OpenACC can also run on the host processor – just like OpenMP. The nice part is that two environmental variables ACC_DEVICE_TYPE and ACC_DEVICE_NUM are included in the OpenACC standard. Thus, changing from running on a GPU to entirely on the host when using a unified binary is as simple as typing setting ‘ACC_DEVICE_TYPE=host’ in your favorite shell. (Note: the OpenACC compiler must support generating a unified binary for this feature to work.)
5. It is easy to start on GPUs with OpenACC
Science, rather than programming, is the ultimate goal for many domain scientists. As a result, time spent on coding is not considering productive. OpenACC is designed with domain scientists in mind as it lowers the barriers to entry and allows more time for science rather than time spent in programming. Scientists report 2x to 10x performance increase with as little as a few weeks of effort when modifying applications to use OpenACC pragmas and running on GPUs.
It’s easy to get started as there are a plethora of online OpenACC training materials and courses available. Check out OpenACC.org for links to a variety of educational materials. NVIDIA has several recorded online OpenACC courses. XSEDE and PRACE also hold regular workshops, “GPU Programming Using OpenACC”.
Additionally OpenACC hackathons are a popular way to get a quick hands-on introduction that leverages the experience and expertise of many people by challenging groups of hackers to modify code with OpenACC to deliver the greatest performance and speedup. A number of hackathons are listed on the OpenACC.org site.
Supercomputing 2016 is a good source for in-person OpenACC information. Check the SC16 OpenACC schedule. Events include a BoF (Birds of a Feather), a workshop and a number of vendor demonstrations and exhibits.
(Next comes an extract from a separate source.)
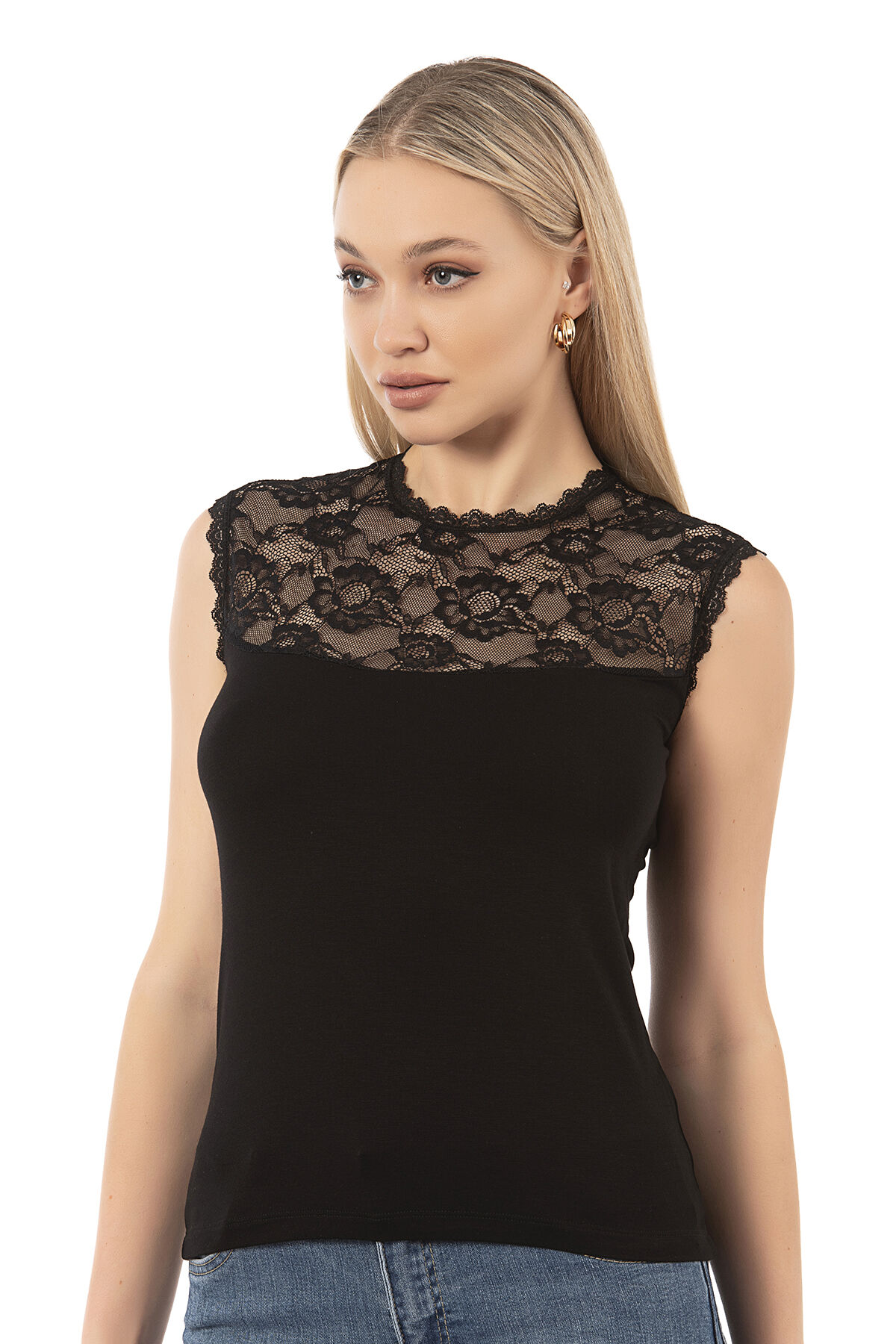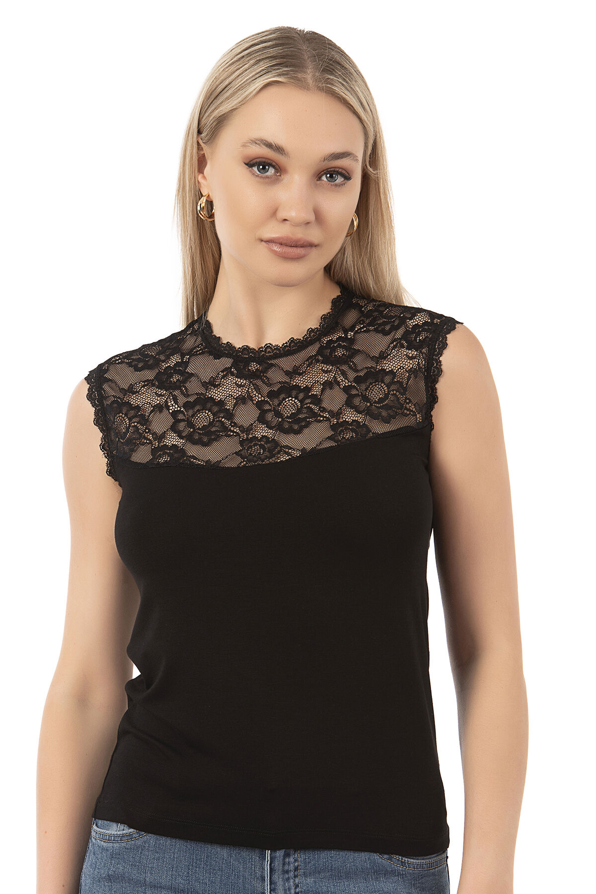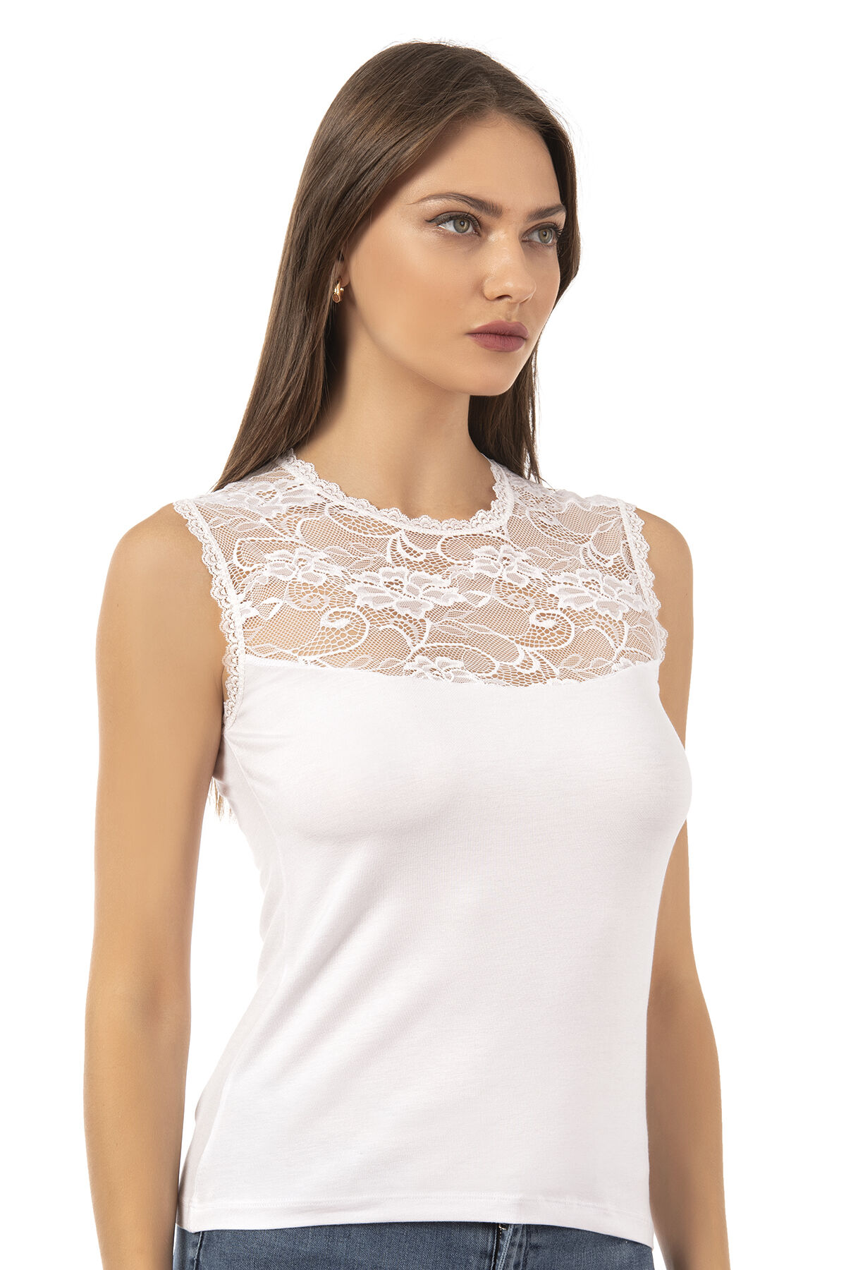 Özkan 7365 Kadın Premium Yumuşak Rahat Kumaş Viskon Dantel Detaylı Sıfır Kol Örme Bluz

It’s also possible to get a free copy of the book “Parallel Programming with OpenACC” at the Monday, November 14, 2016 book signing in the OpenACC booth from 7pm – 9pm.
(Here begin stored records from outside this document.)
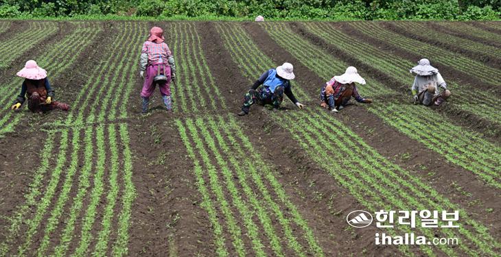 [한라일보] 2일 제주시 구좌읍 송당리 한 농경지에서 농민들이 김매기작업을 하고 있다. 강희만기자
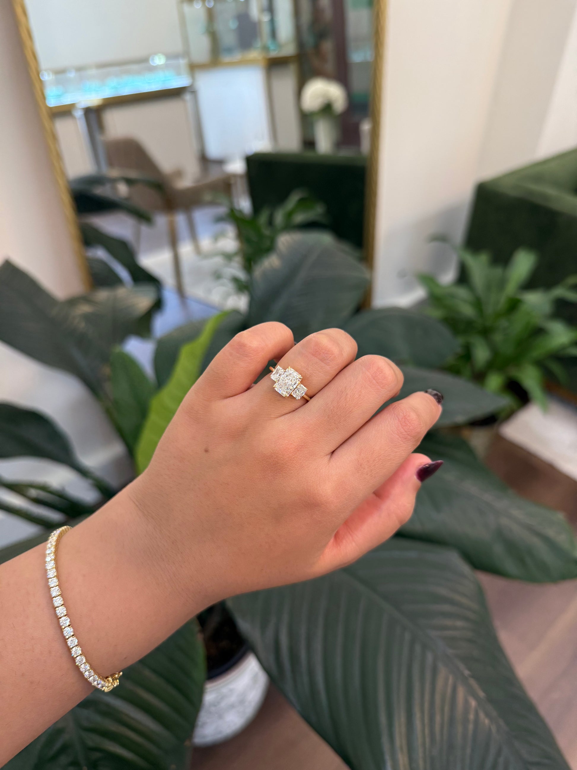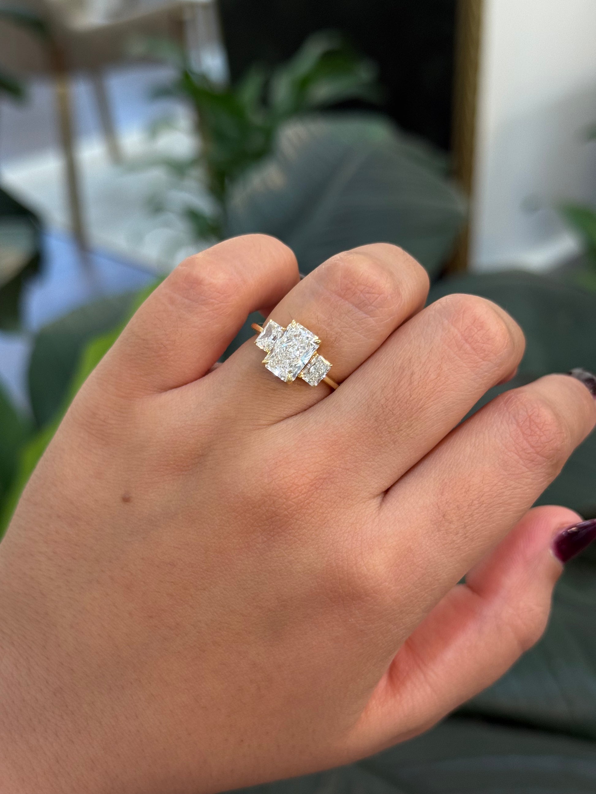 Our take on Classic Trilogy Ring with three matching Radiant Cut diamonds, each held with refined eagle claw setting. Low Basket set in 18k Yellow gold.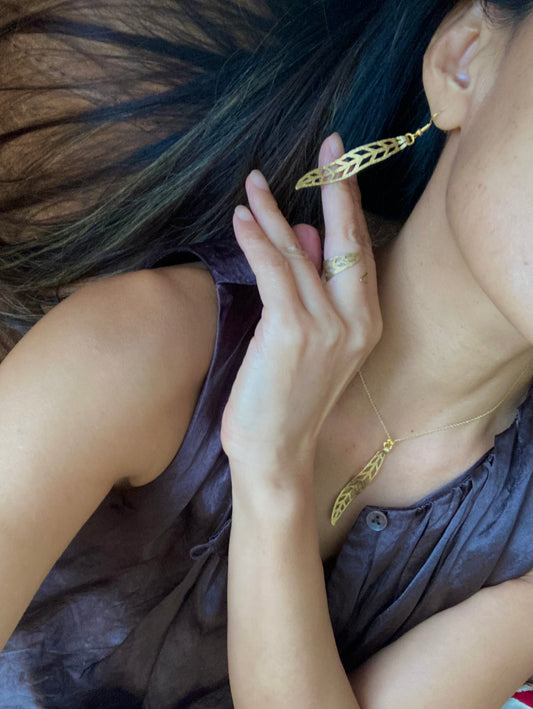 Discovery-Set-Golden Leaf Earrings+Necklace+Ring One of a Kind Set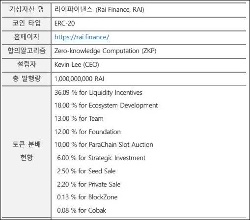라이파이낸스 RAI코인 상장 일정, 정보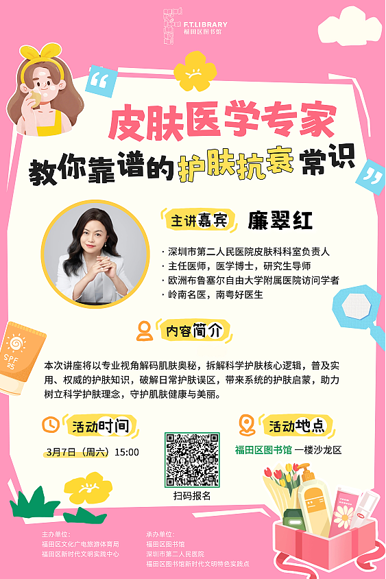 本次讲座将以专业视角解码肌肤奥秘,拆解科学护肤核心逻辑,普及实用、权威的护肤知识,破解日常护肤误区,带来系统的护肤启蒙,助力树立科学护肤理念,守护肌肤健康与美丽。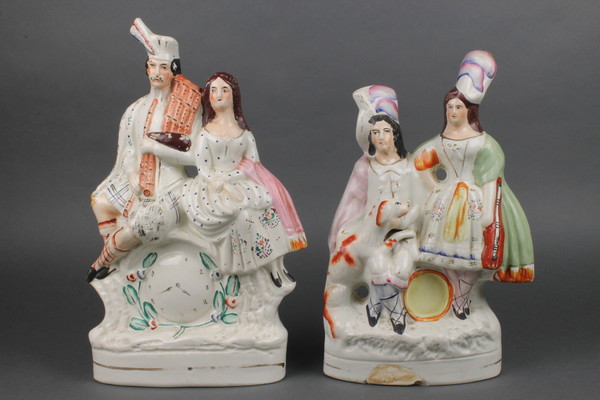 A Staffordshire group of a lady, gentleman and dog 13", a ditto of a Scottish lady and gentleman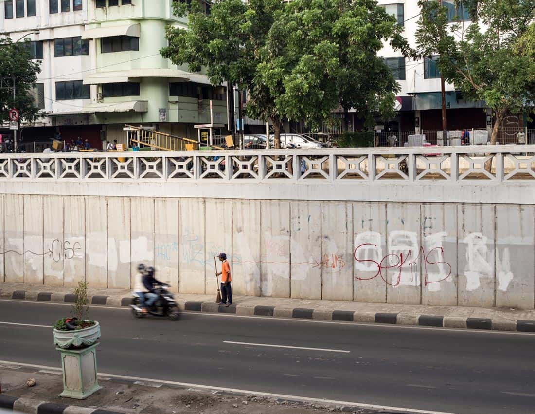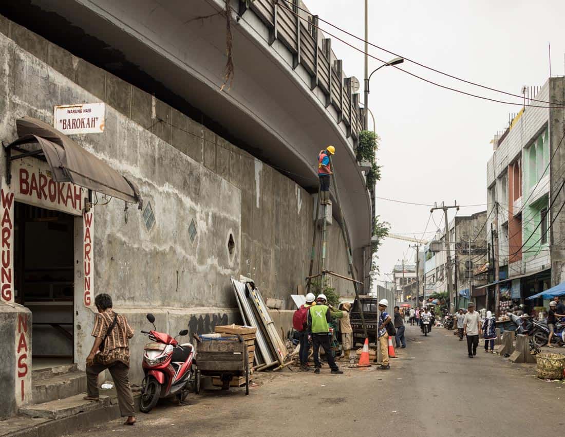 Jakarta is one of the biggest and fastest-growing cities in the world. Its rapid growth in the last fifty years has not occurred without problems, and Jakartans have had to become accustomed to producing improvised strategies to temporarily solve the shortcomings and problems facing them every day in the city. That means not solving problems for good but merely as they arise, one at a time, until the next one rears its head. Constant small-scale improvisations are required to keep Jakarta functioning, which are often original and ingenious. A vast number of small but vital daily interventions must also be completed to keep the city in check, though these are generally inadequate and vastly disproportionate to the objective at hand.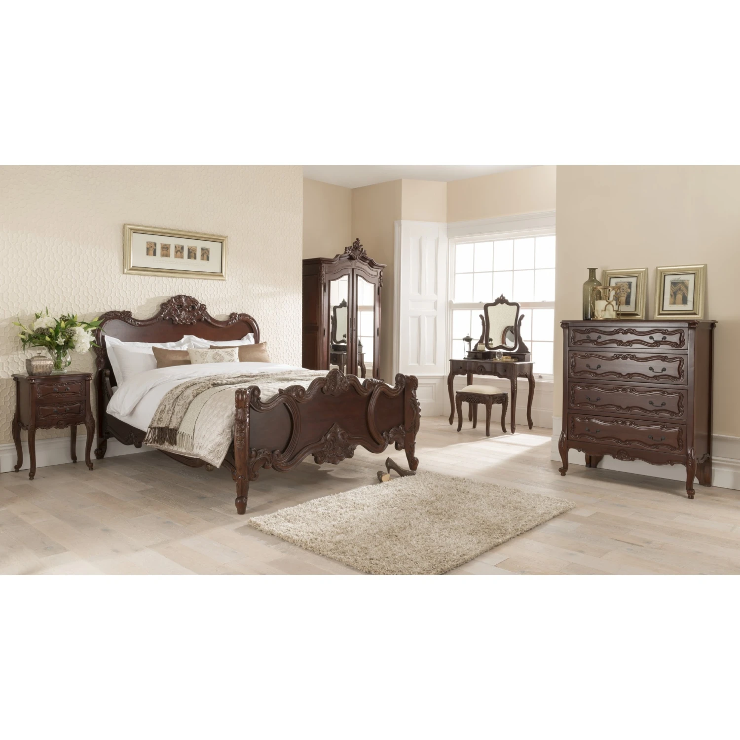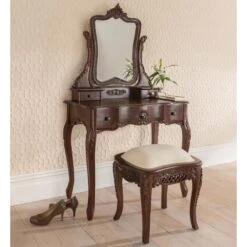 A delightful new addition to our range of French bedroom furniture comes this antique French style dressing table set, handcarved from mahogany. Soft curves and delicate carving are the features of the stunning Raphael range, as this furniture range is the ultimate in ‘boudoir elegance’. Inspired from the 18th century where elegance and luxury were the order of the day, this item is sure to impress, particularly working well with our fantastic shabby chic furniture.

The SC16 OpenACC BoF, “OpenACC API User Experience, Vendor Reaction, Relevance, and Roadmap”, will be very interesting (Wednesday, November 16th from 5:15pm to 7:00pm). In particular, the BoF will provide valuable information about current compiler projects including:
• The NSCC Wuxi Presentation on Sunway Taihu Light and the SWACC compiler
• OpenACC for All (x86, OpenPower, ARM, AMD/NVIDIA GPUs, Intel Xeon Phi)
• OpenACC in GCC
• OpenACC 2.6 Proposed additions
Other OpenACC activities at SC16 include the Third International Workshop on Accelerator Programming Using Directives (WACCPD) on Monday, a presentation on OpenMP and OpenACC on Tuesday, and don’t miss the very likely to be lively “When will OpenMP and OpenACC Merge?” presentation as well as the “Bringing About HPC Open-Standards World Peace” panel.
A strong response thus far
The worldwide response thus far to OpenACC has been both strong and significant. For example, Jeffrey Vetter (HPC luminary and Joint Professor Georgia Institute of Technology) wrote: “OpenACC represents a major development for the scientific community. Programming models for open science by definition need to be flexible, open and portable across multiple platforms. OpenACC is well-designed to fill this need.”
The availability of free, high-quality OpenACC compilers along with the other four reasons discussed in this article will certainly make more people aware of OpenACC and the opportunities it provides for “Performant, Portable, Parallelism”.
Submitted by Rob Farber is a global technology consultant and author with an extensive background in HPC and in developing machine learning technology that he applies at national labs and commercial organizations. He was also the editor of Parallel Programming with OpenACC.